In XWorld2D, a virtual agent learns language and vision abilities. The agent sees environment images, listens to a virtual teacher, and takes actions to receive rewards. It should interactively learn the teacher’s language from scratch based on two language use cases: sentence-directed navigation and question answering. It should learn simultaneously the visual representations of the world, the language, and the action control.
- Python name:
xworld
- C++ constructor name:
XWorldSimulator
- Name for the unified C++ simulator interface:
xworld
Name | Description |
---|---|
pause_screen |
Pause the screen when show_screen() is called, until any key is pressed. (Default: false) |
xwd_conf_path |
The JSON file for configuring XWorld2D. (Default: "") |
curriculum |
A scalar flag reserved for the purpose of curriculum learning; the user can decide what to do with it. |
task_mode |
This flag has two possible values (Default: "lang_acquisition") 1. "lang_acquisition": replicate the environment used in Yu et al.
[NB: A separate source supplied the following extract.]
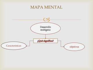 El documento describe el desarrollo endógeno y sus características. Define el desarrollo endógeno como un modelo que busca potenciar las capacidades internas de una región para fortalecer su sociedad y economía de manera sostenible. Enumera seis características clave como basarse en las capacidades y necesidades locales, estimular la democratización de la riqueza, organizarse de abajo hacia arriba, reducir la exclusión social, motivar la participación comunitaria, y promover nuevos estilos de vida solidarios. También presenta cu

ICLR 2018 (used with conf file <xworld_path>/games/xworld/confs/navigation.json and dictionary <xworld_path>/games/xworld/dicts/nav_2d.txt ); 2. "interactive": replicate the environment used in Zhang et al. ACL 2018 (used with conf file <xworld_path>/games/xworld/confs/dialog.json and dictionary <xworld_path>/games/xworld/dicts/dialog.txt ) |
context |
How many consecutive frames are used to represent the current sensor input. (Default: 1) |
visible_radius |
The visible radius of the agent. For a visible radius of N>1, the agent sees an NxN area in front of it. If a visible radius of 0, the whole environment map will be the training input image. (Default: 0) |
color |
Whether use color (1) or grayscale (0) images for training. (Default: 1) |
You can customize XWorld2D tasks in a flexible way. To define a new task, you need to follow three steps:
- Write a Python class that defines the environment map
- This class must be defined in a file (the class and file have the same name) and put in
<xworld_path>/games/xworld/maps/
The class has to inherit from the base class XWorldEnv
(defined in xworld_env.py
) and overwrite the member function _configure
to specify how the map is configured. For an example, please take a look at XWorldNav.py
.
- Write a Python class that defines the task
- This class must be defined in a file (the class and file have the same name) and put in
<xworld_path>/games/xworld/tasks/
The class has to inherit from the base class XWorldTask
(defined in xworld_task.py
). For an example, please take a look at XWorldNavTarget.py
.
- Write a JSON conf file. This file specifies three aspects of the world:
item_path
: where the icon images are stored. Change this variable if you have new icons stored in other places.map
: the name of the Python class that defines the map. It should be one of the Python defined maps.task_groups
: how the teacher assigns multiple tasks to the agent. Each task should be one of the Python defined tasks.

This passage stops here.